Start of DATA SUPPLIED

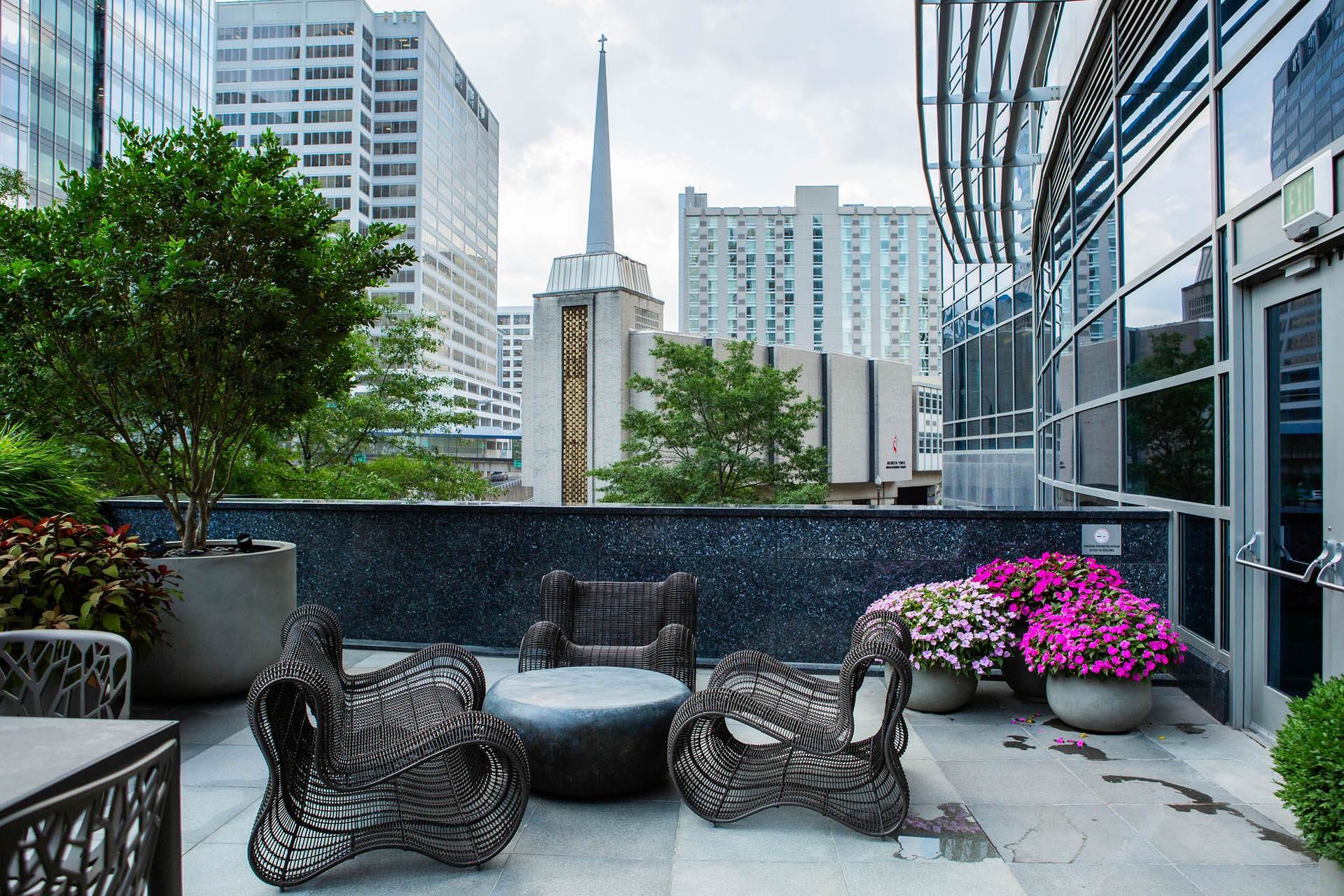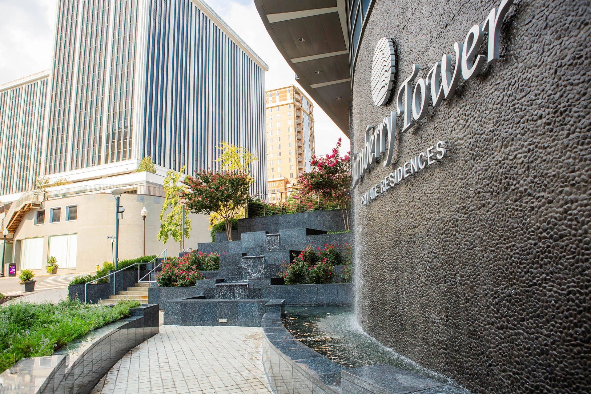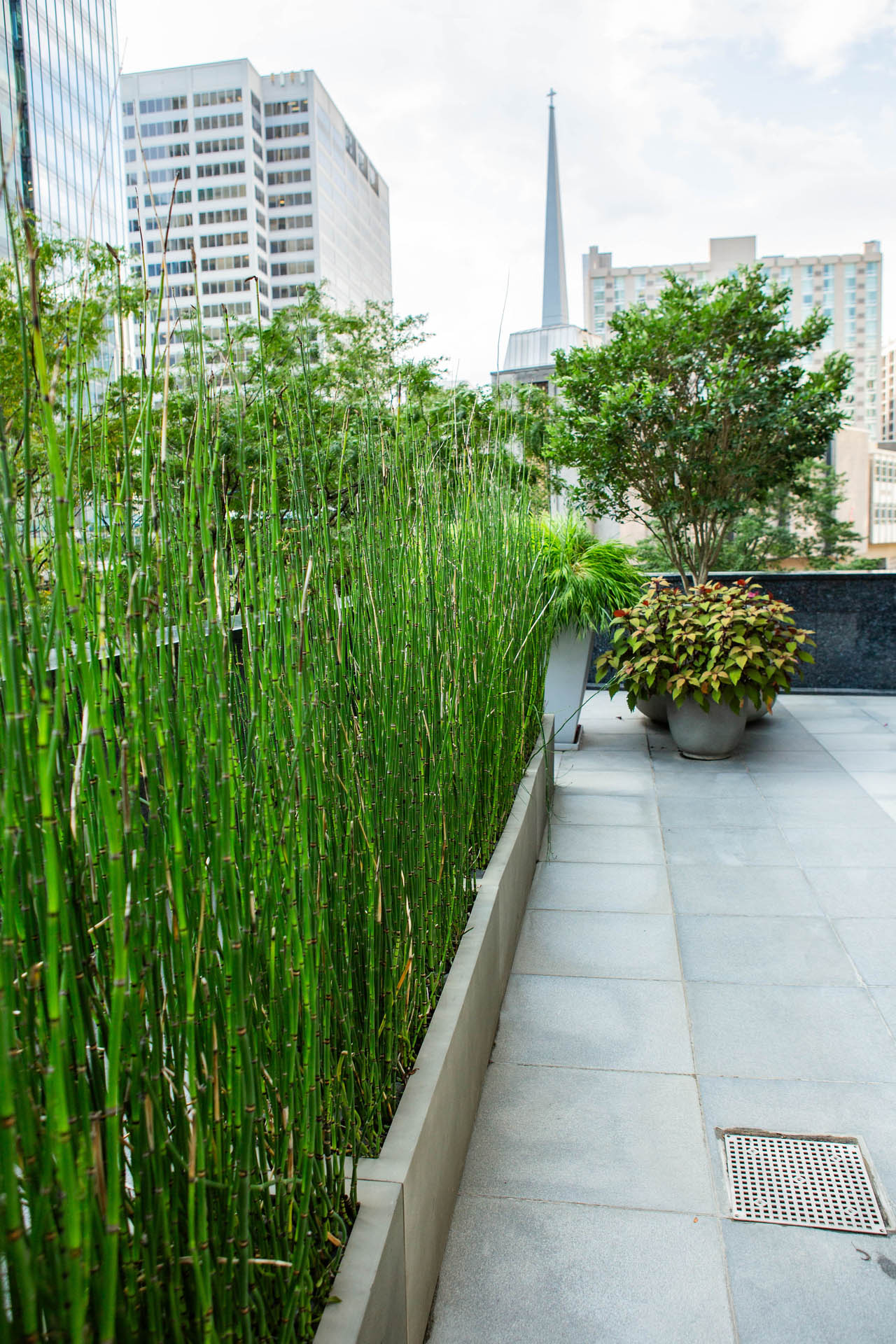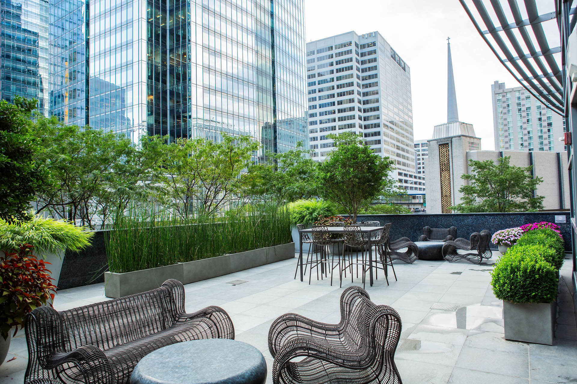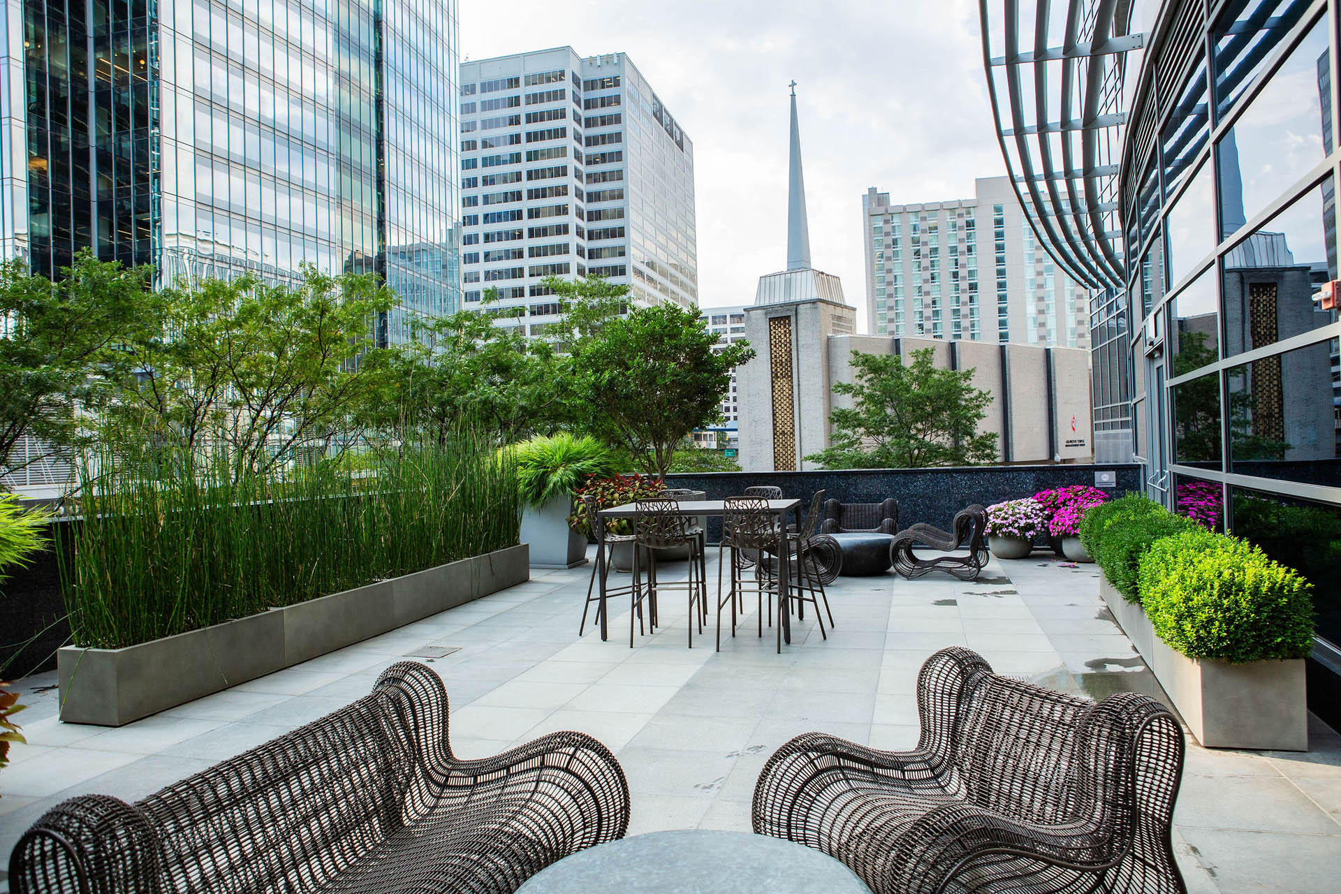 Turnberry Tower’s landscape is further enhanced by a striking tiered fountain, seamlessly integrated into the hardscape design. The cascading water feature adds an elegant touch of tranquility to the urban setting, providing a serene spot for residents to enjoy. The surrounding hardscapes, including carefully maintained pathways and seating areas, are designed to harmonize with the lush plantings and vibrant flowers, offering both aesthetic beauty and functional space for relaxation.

End of DATA SUPPLIED
Start of DATA SUPPLIED

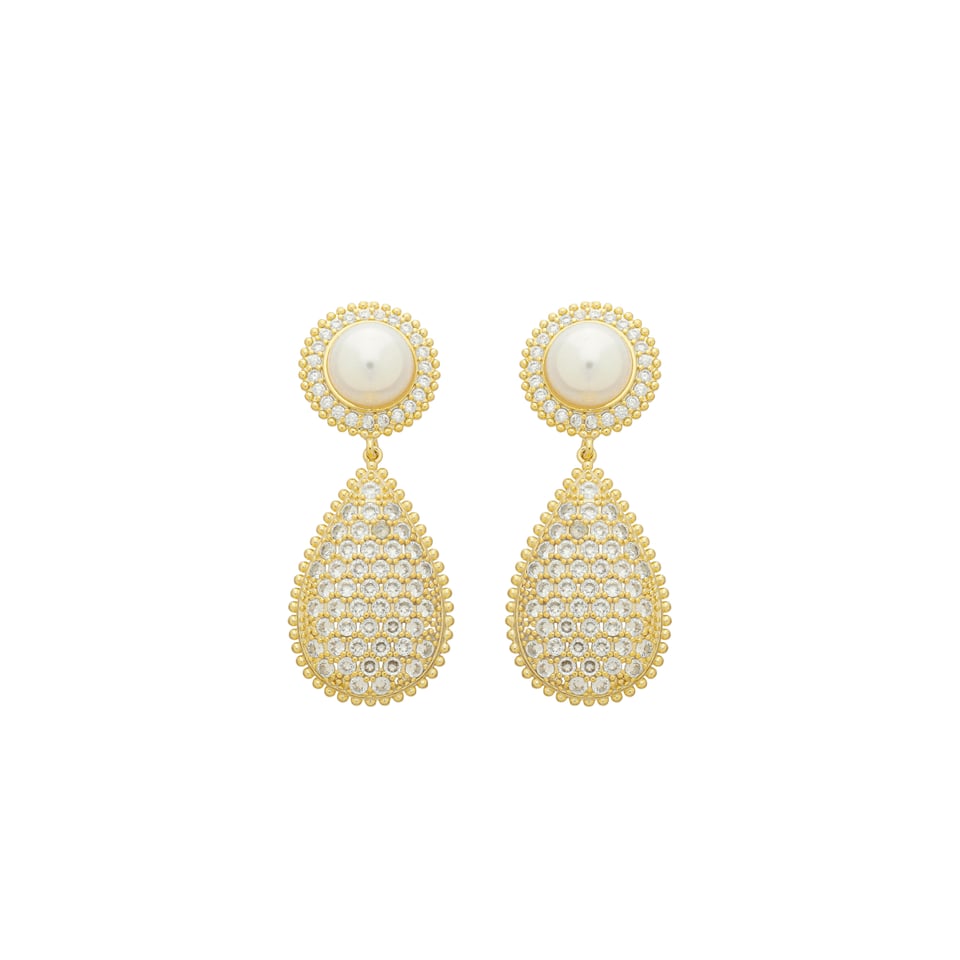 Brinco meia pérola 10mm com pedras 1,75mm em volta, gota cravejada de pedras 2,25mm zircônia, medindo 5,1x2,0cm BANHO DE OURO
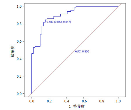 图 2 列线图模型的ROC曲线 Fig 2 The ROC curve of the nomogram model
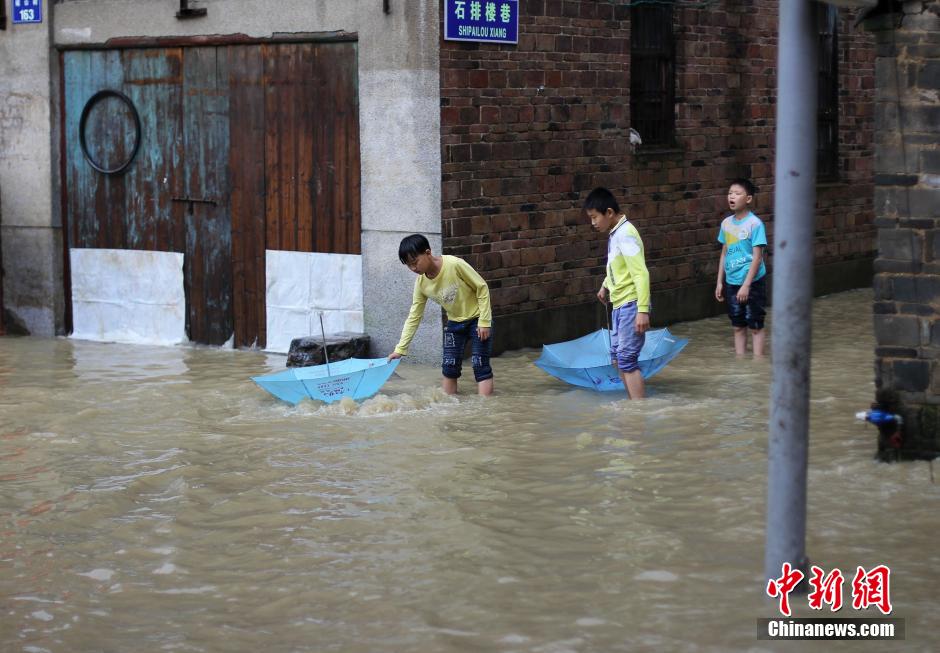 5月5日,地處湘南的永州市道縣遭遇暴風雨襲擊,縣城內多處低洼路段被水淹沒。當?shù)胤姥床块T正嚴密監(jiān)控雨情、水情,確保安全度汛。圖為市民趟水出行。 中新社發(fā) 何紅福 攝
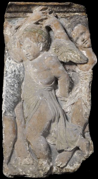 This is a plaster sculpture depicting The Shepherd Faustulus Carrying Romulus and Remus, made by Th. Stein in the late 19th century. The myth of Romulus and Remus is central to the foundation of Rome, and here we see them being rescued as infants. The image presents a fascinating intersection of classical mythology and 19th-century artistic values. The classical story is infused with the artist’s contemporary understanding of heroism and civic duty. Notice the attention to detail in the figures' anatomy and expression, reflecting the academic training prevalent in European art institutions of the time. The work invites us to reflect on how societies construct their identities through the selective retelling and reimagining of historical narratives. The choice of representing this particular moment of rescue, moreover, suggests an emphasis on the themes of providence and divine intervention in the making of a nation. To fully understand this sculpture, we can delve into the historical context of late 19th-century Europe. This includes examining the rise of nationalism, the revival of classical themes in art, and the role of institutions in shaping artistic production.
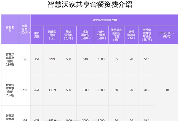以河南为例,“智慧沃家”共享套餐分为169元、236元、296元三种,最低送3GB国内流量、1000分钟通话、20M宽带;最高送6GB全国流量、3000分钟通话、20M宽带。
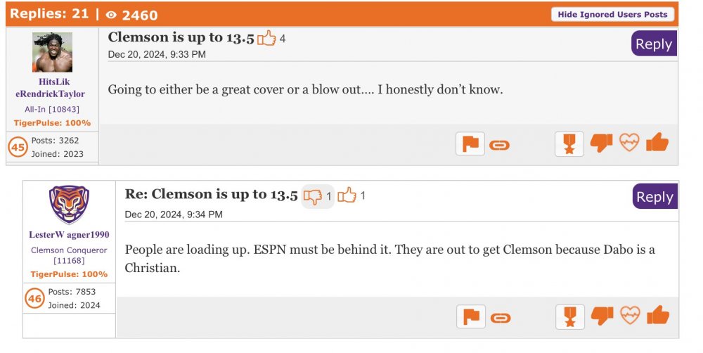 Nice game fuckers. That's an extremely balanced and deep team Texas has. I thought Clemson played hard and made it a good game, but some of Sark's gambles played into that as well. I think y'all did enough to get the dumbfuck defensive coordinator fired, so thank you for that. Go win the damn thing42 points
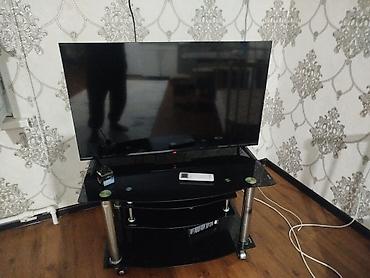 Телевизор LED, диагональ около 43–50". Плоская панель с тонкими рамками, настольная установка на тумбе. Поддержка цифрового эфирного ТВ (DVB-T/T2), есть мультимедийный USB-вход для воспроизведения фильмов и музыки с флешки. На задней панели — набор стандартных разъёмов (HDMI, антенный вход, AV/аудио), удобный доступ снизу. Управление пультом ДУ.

End of DATA SUPPLIED
Start of DATA SUPPLIED

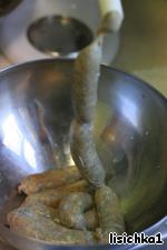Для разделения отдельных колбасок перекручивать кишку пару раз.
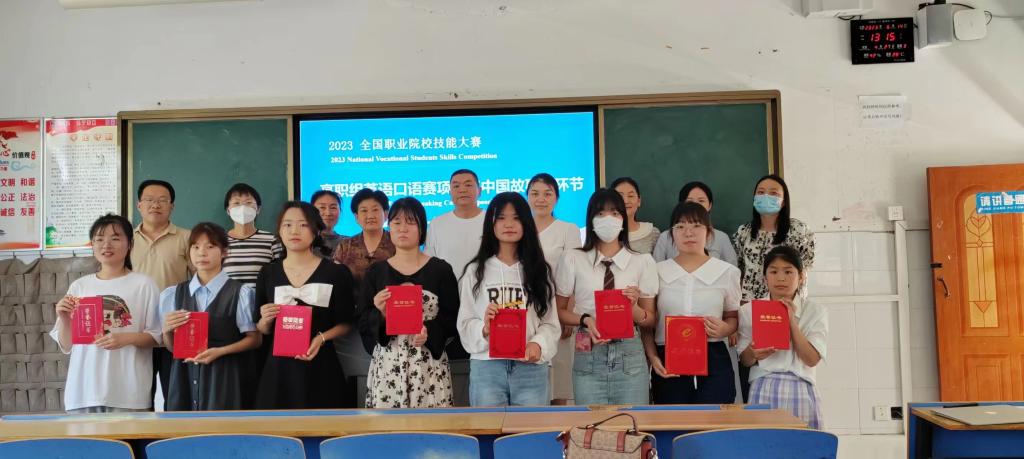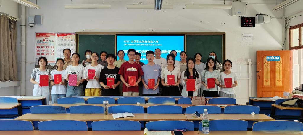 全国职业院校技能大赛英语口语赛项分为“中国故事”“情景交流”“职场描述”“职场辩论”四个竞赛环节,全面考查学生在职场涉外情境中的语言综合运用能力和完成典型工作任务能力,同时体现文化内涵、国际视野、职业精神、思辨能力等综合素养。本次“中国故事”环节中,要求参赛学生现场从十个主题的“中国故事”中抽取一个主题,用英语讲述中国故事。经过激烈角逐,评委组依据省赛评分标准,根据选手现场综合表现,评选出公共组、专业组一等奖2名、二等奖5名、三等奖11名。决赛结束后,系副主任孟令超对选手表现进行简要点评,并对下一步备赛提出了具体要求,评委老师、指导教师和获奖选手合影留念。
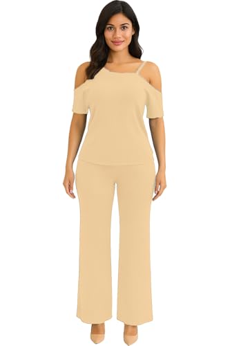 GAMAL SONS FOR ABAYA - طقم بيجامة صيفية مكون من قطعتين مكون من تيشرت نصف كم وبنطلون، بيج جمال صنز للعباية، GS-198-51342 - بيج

End of DATA SUPPLIED

EXERCISE DIRECTIONS
Look through the material above. Transcribe exactly the lines between the ones with "Brinco meia pérola" and "中新社發(fā) 何紅福 攝", inclusive, and keep pictures out.

SOLUTION BELOW
 Brinco meia pérola 10mm com pedras 1,75mm em volta, gota cravejada de pedras 2,25mm zircônia, medindo 5,1x2,0cm BANHO DE OURO
 图 2 列线图模型的ROC曲线 Fig 2 The ROC curve of the nomogram model
 5月5日,地處湘南的永州市道縣遭遇暴風雨襲擊,縣城內多處低洼路段被水淹沒。當?shù)胤姥床块T正嚴密監(jiān)控雨情、水情,確保安全度汛。圖為市民趟水出行。 中新社發(fā) 何紅福 攝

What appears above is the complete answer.